KZ: I’m so glad you brought that up. I was actually thinking a lot about that in your works, how you use many traditional approaches to sculpture, whether it be casting or even the notion of the readymade, and so I was curious about the role of technology, of social media, and the internet in your work, if it has had an impact. But it’s quite clear in this example! 

EW: I mean, we are all touched by this in a strong sense.

KZ: But it doesn’t seem to enter into the work – maybe it’s more of a consequence [of the work]? 

EW: Not directly, but we do use current technologies—AI, 3D scanning, etc. Though I must say, I’m still skeptical about AI’s creative potential. We once asked AI to generate “Erwin Wurm” sculptures. Most were terrible, but a very few examples were surprisingly interesting. We even built two of them, but after a couple of weeks, I realized they felt empty. They didn’t hold up.

KZ: Wow. That’s both surprising and fascinating.

EW: And scary, also! 

KZ: I’m curious about the criteria – what made some of them bad and some of them good, if you can articulate it? 

EW: I cannot verbalize this criteria, you get a feeling. I look at the pieces and I get the feeling they’re wrong. I cannot even describe what it was – it was an awkwardness, a strangeness. My pieces are always a bit stiff or always a bit, not so convenient, and AI made them not stiff, very convenient, very nice…and this I didn’t like. 

KZ: There’s also an interesting point here about the notion of authorship. I wonder if that has any sort of tangential relationship to your practice?

EW: I don’t see AI as one single entity, but as many, many, hundreds of thousands, millions, of people, because AI uses our ideas and, in a way, it’s a concentration of human thought.

But what I wanted to say about authorship relates to the One Minute Sculptures and the Polaroids we used. What happened was: a person would read the instructions to realize the One Minute Sculpture. Then they would follow my instructions and perform the piece. Another person would take a photo of them following those instructions to realize my sculpture. Then they would receive the Polaroid, and I would sign it. So who was the author? They performed the piece, I signed it, and someone else took the photo – it was completely mixed up. I found this process very exciting.

Erwin Wurm, “One Carrying a Bomb – Looking For a Bomb” (2003) from the series “Instructions On How to Be Politically Incorrect”, C-print. Courtesy of Studio Erwin Wurm, Limberg.
Erwin Wurm, “Spit in Someone’s Soup” (2003) from the series “Instructions On How to Be Politically Incorrect”, C-print. Courtesy of Studio Erwin Wurm, Limberg.

KZ: I wanted to ask a little bit more about the One Minute Sculptures. They’ve actually played a significant role in my pedagogical work; I’ve always found them to be an excellent way to introduce young artists – or not even artists yet, just students – to these beginning moments of sculpture and the basic question of what is sculpture? Could you share a little bit about what inspired those pieces for you? And also, what do you want the audience to come away with, from the experience of the One Minute Sculptures?

EW: I wanted to become a painter. I took the entrance exam for art school, but they didn’t accept me into the painting class, they placed me in sculpture instead. That was a big shock, a big frustration. But after some time, I started to think: maybe this is a challenge, maybe I need to learn what sculpture actually is. This was in the late ’70s, early ’80s. I start to make many, many experiments. What has to happen for that action to become a sculpture? Can it be transformed into sculpture? It’s all about time. So the question became: how do you suspend time, or shift it into a different relation or dimension?

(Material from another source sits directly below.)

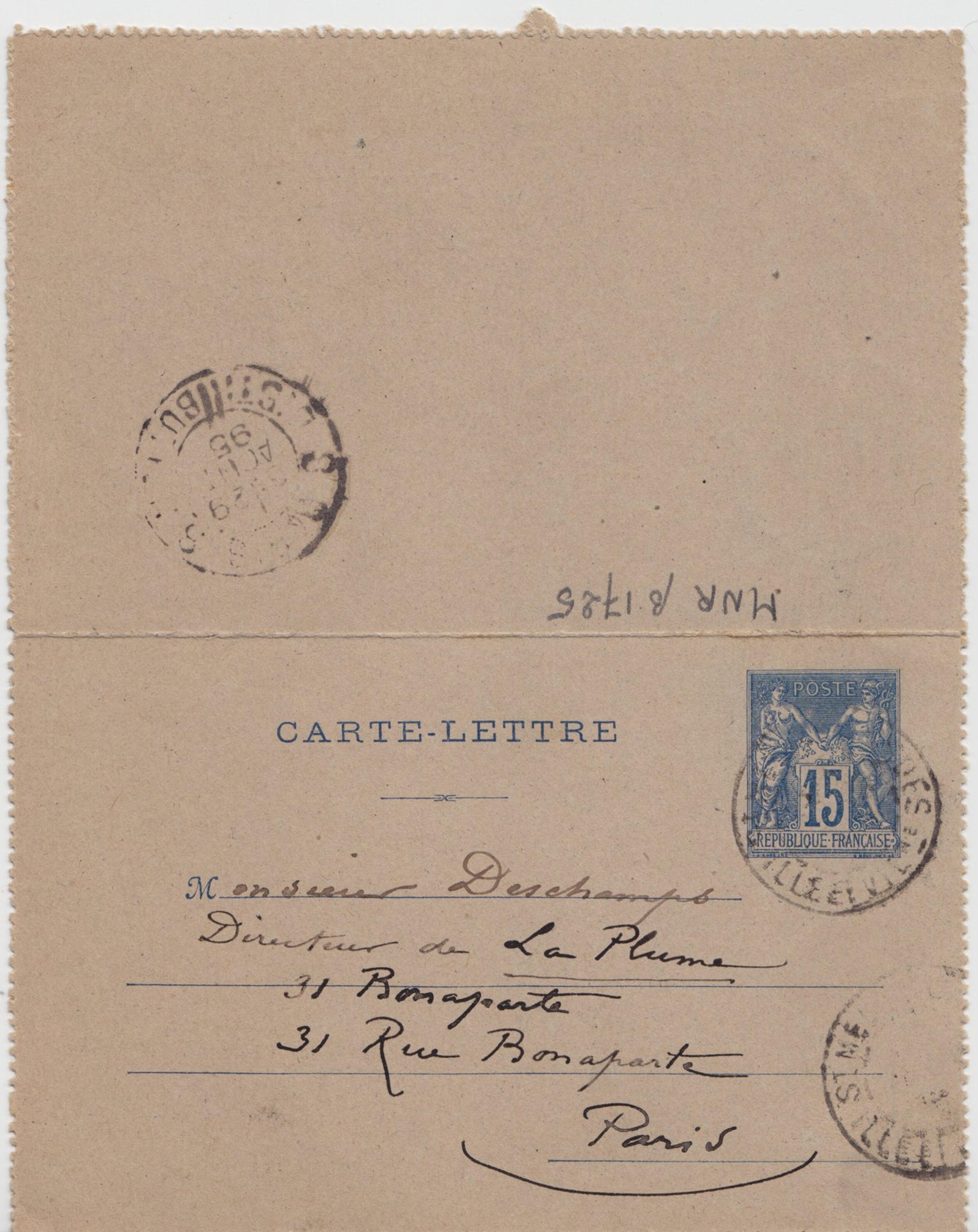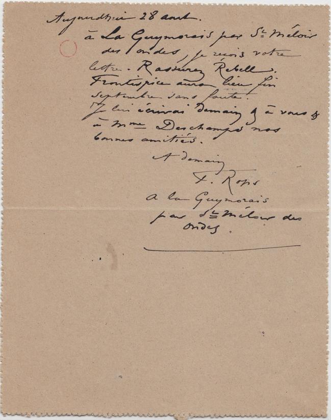 À La Guymorais par St Méloir des Ondes, je reçois votre lettre. Rassurez Rebell. Frontispice aura lieu fin septembre sans faute. Je lui écrirai demain & à vous & à Mme Deschamps nos bonnes amitiés.

I once had a show where I asked someone to play a pinball machine – eight hours a day, for two weeks. I thought the repetition would slow down time and movement, and that eventually it would turn into a sculpture. I also asked a friend to stand still while wearing a coat. But when I filmed him, I noticed his eyes kept blinking – he couldn’t keep them open and fixed. So I placed a salad bowl over his head so no one would see his eyes, and then I filmed him again. He stood still for a minute, but I looped the footage to run for an hour. The final result is a man standing quietly, his fingers moving slightly. And when you watch the video, your brain starts to play tricks – you think he’s moving, even when he’s not. We’re not built to perceive stillness; we’re built to perceive movement.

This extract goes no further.